3.3. Association between models

A Spearman's rank correlation was calculated between model A and B, with stage 3c of model A subdivided in cutoffs at 5 and 10 episodes (as shown in Table 3). The correlation for models A and B was 0.21 (P < .05), signifying a low association.

3.4. Clinical markers

For both model A and model B, clinical markers age at onset, episode acceleration, and treatment resistance changed significantly over the stages. For model A, both increased and decreased episode severity changed significantly over stages.

4. DISCUSSION

Using data from the Dutch Bipolar Cohort, we investigated the applicability of two different staging models for subjects with BD type I, to determine their clinical utility. These two staging models approach illness progression from different and complementary perspectives: recurrence of mood episodes (model A), versus inter‐episodic functional decline (model B), supported by our finding of a low association between the models. In our clinical sample, we found a high degree of clustering in a few stages.

Different criteria can be used to measure the clinical utility of a staging model. Berk et al24 stated that “The utility and validity of a staging model for BD depends on its linking to clinical outcome, treatment response, and neurobiological measures.” We suggest adding dispersion as a measure of utility, since this reflects the distinctiveness of a model, that is, if subjects cluster within only one or two stages, the models’ utility is limited for that population. Our substantial sample, representative of Dutch outpatients treated for bipolar‐I‐disorder, allowed us to assess the dispersion of subjects over the various stages, except for the presyndromal stages of both models for obvious reasons. We found a vast majority of subjects clustering in model A, stage 3c, defined as more than one recurrent episode after remission during the previous year, due to multiple relapses of mood episodes. For model B, clustering occurred mainly in stages II and III, defined by intra‐episodic mood symptoms, and (in)ability to work (II, yes) or (III, no). Still, a substantial number of subjects were allocated to stage I and IV, indicating model B to be more distinctive than model A in this patient group. This clustering for both models will likely be the case for most BD patients in specialized care. Dispersion will be larger by using a further subdivision of stage 3c, as in cut‐offs at 5 and 10 episodes, as previously shown by Magalhães et al34 and Berk et al.36 The clinical utility for this subdivision has previously been found to align with episode dependent treatment resistance.36, 37 After 10 episodes, a decrease in mood‐stabilizing response was found for lithium by Swann et al.37 Berk et al 36 found cut‐offs at 5 and 10 episodes for a diminishing response to olanzapine.

Subdividing stage 3c into patient groups with a maximum of 5 episodes, 6 to 10 episodes and more than 10 episodes resulted in larger dispersion, potentially indicating different illness trajectories.

Although we found a significant measure of association between the two models, a correlation of .21 suggests that models A and B are based on different aspects of the illness. Although both models presume an underlying concept of illness progression, model A is based on the dysfunction of mood regulation in the brain, reflected by episode recurrence, and model B is based on allostatic load with consecutive cognitive damage due to increased neural or endocrine activity and inability to fully recover between episodes.
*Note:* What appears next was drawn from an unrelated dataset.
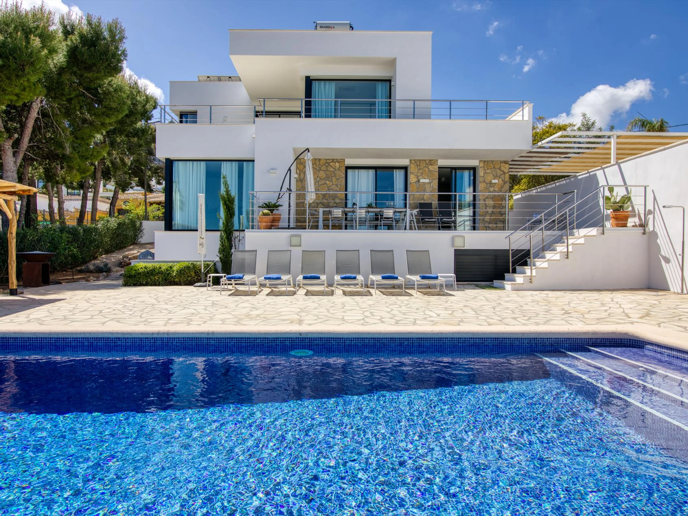Modern holiday villa, recently new built in 2017, with private pool in Denia, on the Spanish Costa Blanca, not far from the harbour and the beach Marineta Cassiana.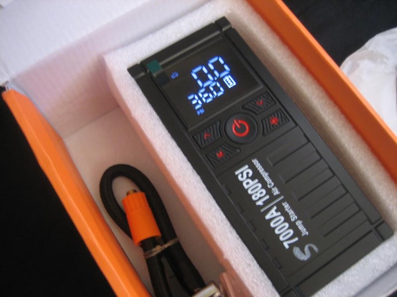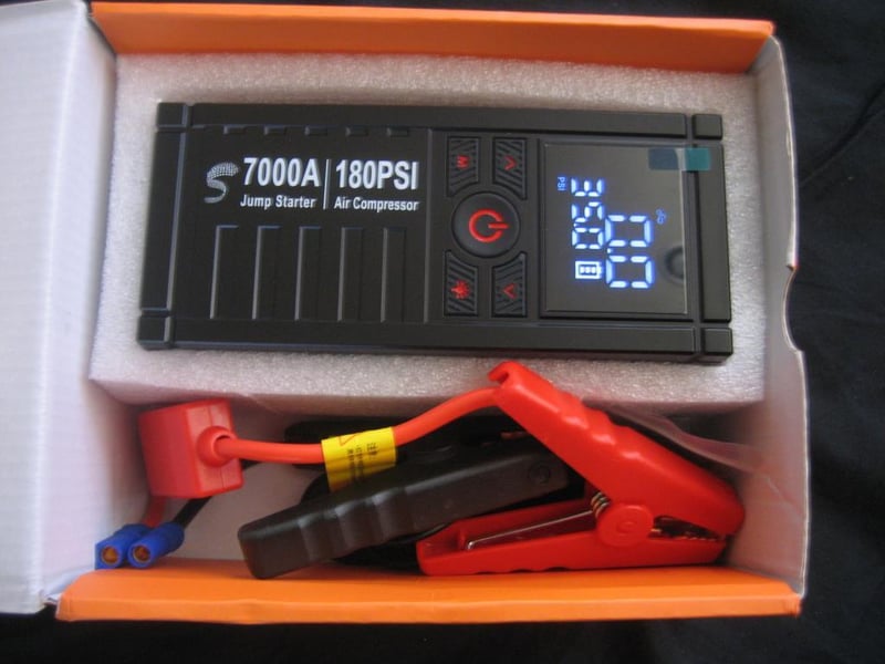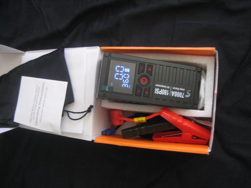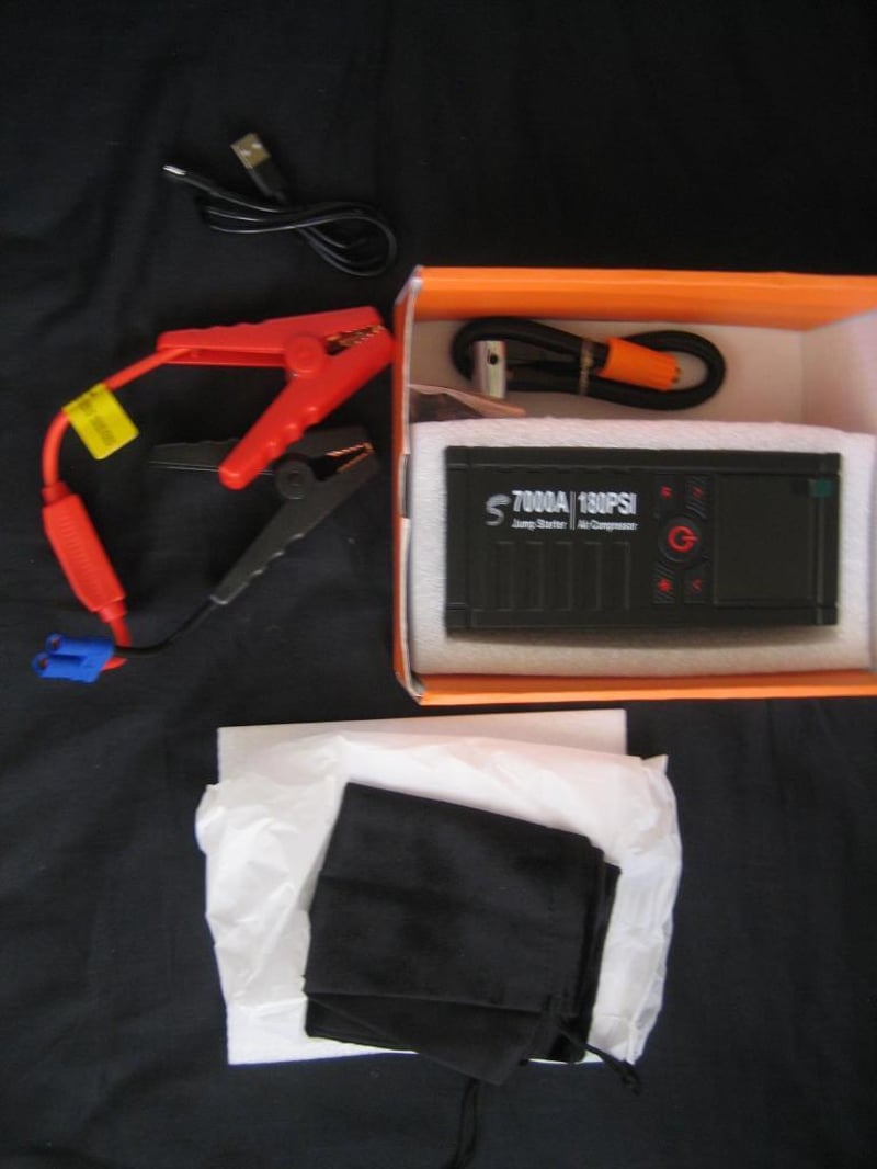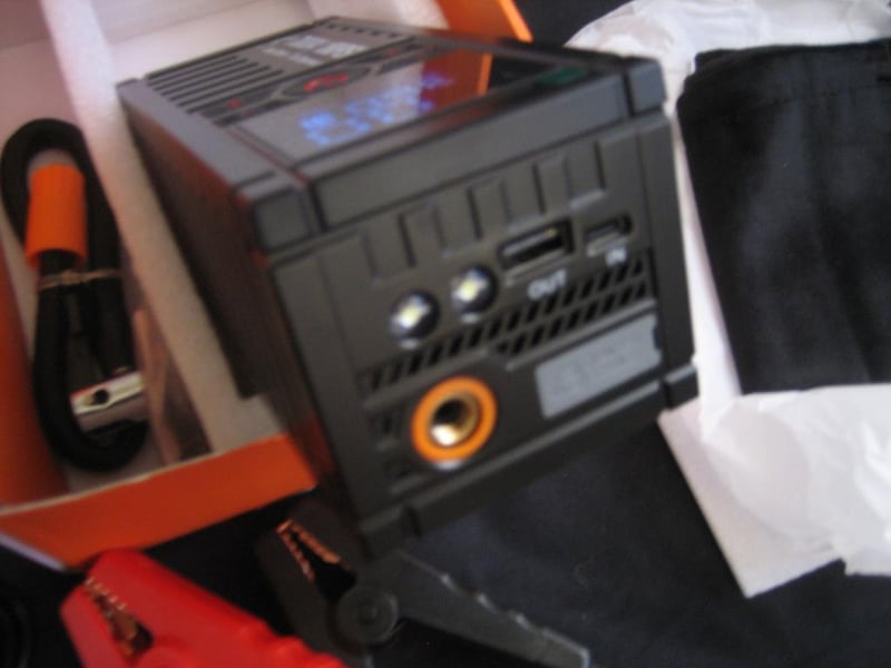 NEW Emergency Car Jump Starter Pack with built in inflator pump for vehicles,bikes etc. With accessories, in Box.

Since both mechanisms may play a varying role in individual patients, combining both models might lead to a more accurate staging model.

An interesting finding is that a number of subjects (N = 73) experienced recurrent episodes, without an apparent decline in inter‐episodic functioning. This suggests that there are different illness trajectories with more or with less favorable outcomes. It would be interesting to test which factors determine the increased resilience in these individuals, opening opportunities for treatment strategies.

Ideally, for a clinical useful staging model, clinical markers show an alteration concordant with the staging model.24 In both models, the markers “age at onset,” “episode acceleration,” and “treatment resistance” show an increase concordant with the stages, supporting the construct validity of the staging model. We found “age at onset” to lower in higher stages in both models, underscoring onset at childhood or adolescence to be associated with worse outcome.38, 39 We found episode acceleration over progressive stages, indicating less time to recover or remain well. This is in line with the kindling model.40 The increasing number of medication classes over the stages is in line with earlier studies on treatment resistance.21, 37 Future studies may focus on selecting those variables putting individuals at a higher risk of progressing to more advanced stages, adjusting clinical interventions accordingly.

Our study, as well as the staging models as such, may have several limitations. Both models are based on clinical parameters since there are no validated biomarkers for BD. Both models are designed with the intent to be applied to actual patients instead of an existing database, therefore the fit between these models and the use in clinical settings can only be approximated. Both models are unsuitable to capture subtle differences in disease progression since each category still contains a broad range of clinical manifestations. A possible limitation of staging model B is that psychosocial functioning may be rated differently depending on the cultural context. Eg independent functioning will be evaluated differently in a society where it is more common to live with family as compared to living alone, and work demands may largely differ for each country. Another limitation may have been that the approach to assigning stages in model B was not yet validated. Earlier applications of model B by Goi et al21, 22 and Rosa et al23 used a semi‐structural interview and the Functional Assessment Short Test21, 23 to classify subjects according to model B; we used similar items from the QBP.31 A possible restriction of our study was that for model B the level of functioning was based on a limited amount of self‐rated parameters. The generalizability of our outcomes may be limited due to selection bias resulting in a sample of relative high age. The sample may also be less representative for patients with non‐Dutch ancestry since one of the inclusion criteria was to have at least three grandparents of Dutch ancestry. The reported number of previous mood episodes may be subject to recall bias, which may lead to some inaccuracy in assigning the stage for model A. The clinical indicator treatment resistance reflects the number of medication classes per patient, which may be due to a number of reasons, including treatment resistance.

In conclusion, our study supports the concept of illness progression captured in staging models for the majority of BD subjects currently in treatment. The two investigated staging models approach illness progression from a complementary perspective (as shown by the low association between models). We propose to use a unified model which combines both staging models. To assign a stage to an individual patient, the stages from both model A (episode recurrence) and B (interepisode functioning) may be mentioned, and in addition the lifetime number of mood episodes (eg, a patient with Stage 3 from model A and Stage II from model B, and a total of five mood episodes could be written down as A3BII‐5). This could be further specified by dividing model A, stage 3, into groups with cutoffs at 5 and 10 episodes and by adding clinically important markers to the unified staging model. Additional research is needed to further identify the clinical and biological markers that increase the risk of progression to a subsequent stage.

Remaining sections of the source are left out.